Introducing the ecoptimist

Hello and welcome to my blog – the ecoptimist.

In my job, as a macroeconomist based in London, we understandably spend a lot of time thinking about ‘tail risk’ scenarios of what could happen if the euro crisis goes nuclear. This is often to the detriment of considering ‘central’ scenarios in which Europe muddles through the crisis and sets up institutions that will make a repeat much less likely in the future.

From conversations over the last few weeks, I’ve started to wonder whether this focus has led some of my colleagues to lose sight of what a realistic scenario for the euro area might look like. The pessimistic focus of our work, along with a sometimes over-simplified 24-hour newsflow, frames the way that we view the wider outlook.

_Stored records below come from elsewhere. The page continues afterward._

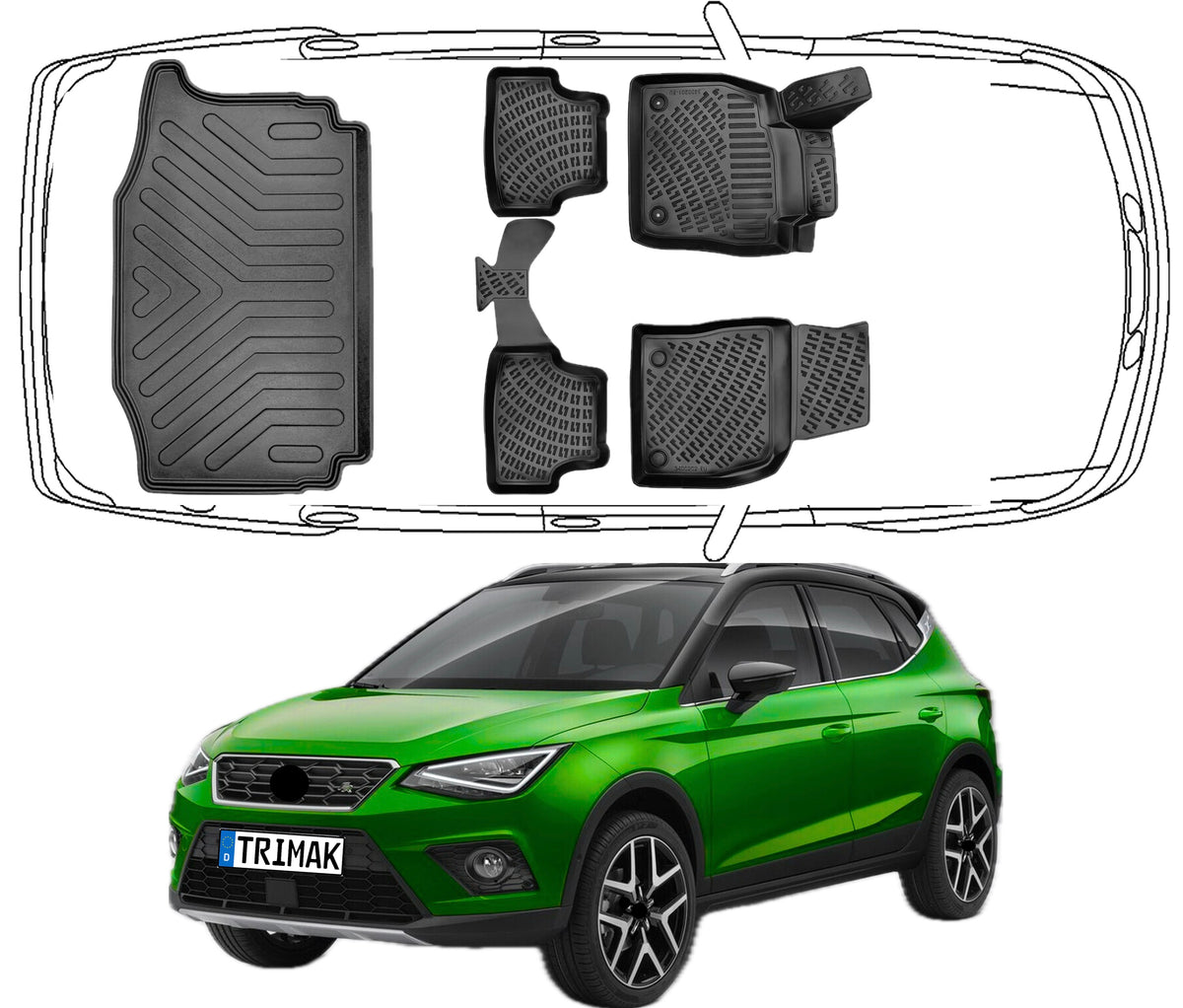 3D Fußmatten & Untere Kofferraumwanne Auto Set Kompatibel mit Seat ARONA 2017 - 2024
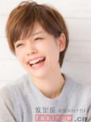 小脸女生适合什么发型呢?一头棕色系的头发,简单的修剪成谢瑞华短发的造型,爽朗的笑脸更显活力。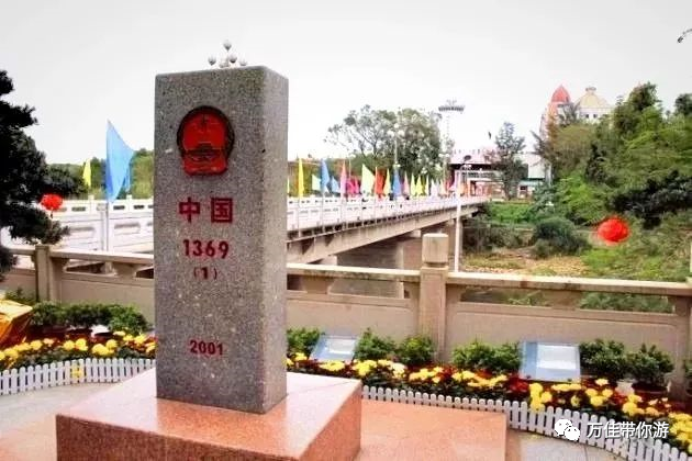记载着中越两国的历史濸桑,大桥全长111米,桥中间有一条斑马线,是中越大桥管理线,“跨一步而出国”在这里成为现实。两国的国旗分别在大桥的两端矗立飘扬,正如两兄弟一刻不离的在挥手致意。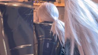 全頭マスクをつけたラバースーツのReIちゃんに着ぐるみマスクを装着!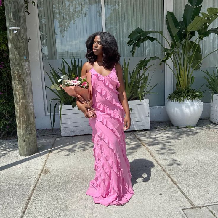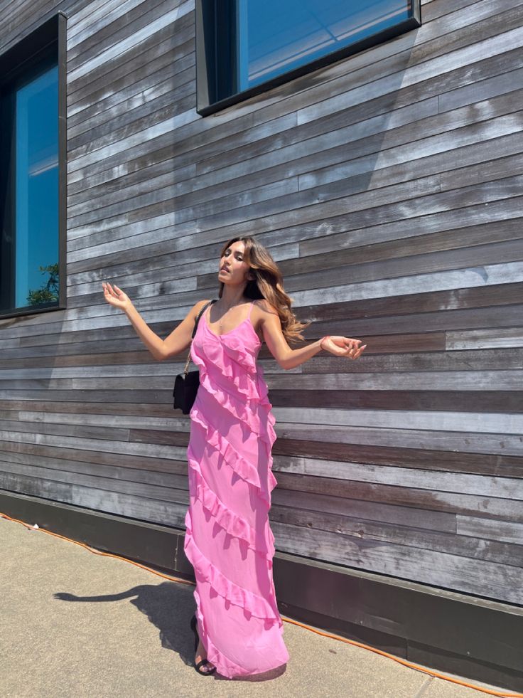 Pink Fashion Unique Spaghetti Strap Long Chiffon Ruffle Floor Length Ball Gown Evening Dress nv3334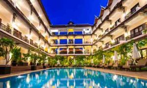 Equipped with premium room amenities and facilities and services, its’s elegant and unique Khmer architecture is boosted with cool and fresh air, flower fragrance and a salt-water pool at the center. Hotel is just 5 minutes from the national museum, night market and pub streets and about 7 km drive from the airport and the Angkor UNESCO Heritage Site.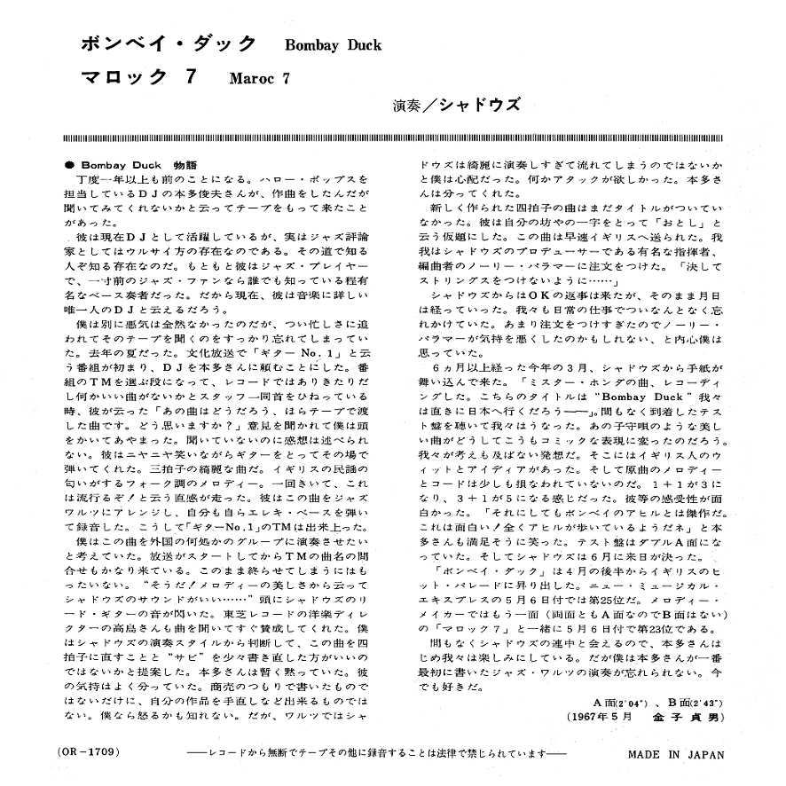 Sehr schöne Shadows Singles aus Japan. Die Scans hat Pierre Fankhauser, Frankreich zur Verfügung gestellt.

As a result, I know a lot of people who now expect – not fear as a tail risk, as I do, but actually expect as a central scenario – that the euro area will break up in the next few years amid economic depression, social unrest and nationalistic rabble-rousing.

But can that really be something to expect? In other words, does Europe really fail in 50% + 1 of the probability distribution of possible outcomes?

I think not. In fact, I’m cautiously optimistic about the longer-term outlook for Europe, albeit acknowledging that there will be bumps in the road over the next few months and years. I’ll elaborate on this in future posts. But suffice to say, I think that Europe’s problems are more about political coordination than inexorable economic logic – and I think these coordination problems are far from as insurmountable as many clever people assume.

Over the next few weeks and months then, I’ll try to back up this assertion (and others!) with facts, data and analysis, along with a healthy dose of quality economic news and research from across the web. These are certainly interesting times for Europe and the world – and I’m sure I’ll have plenty to talk about!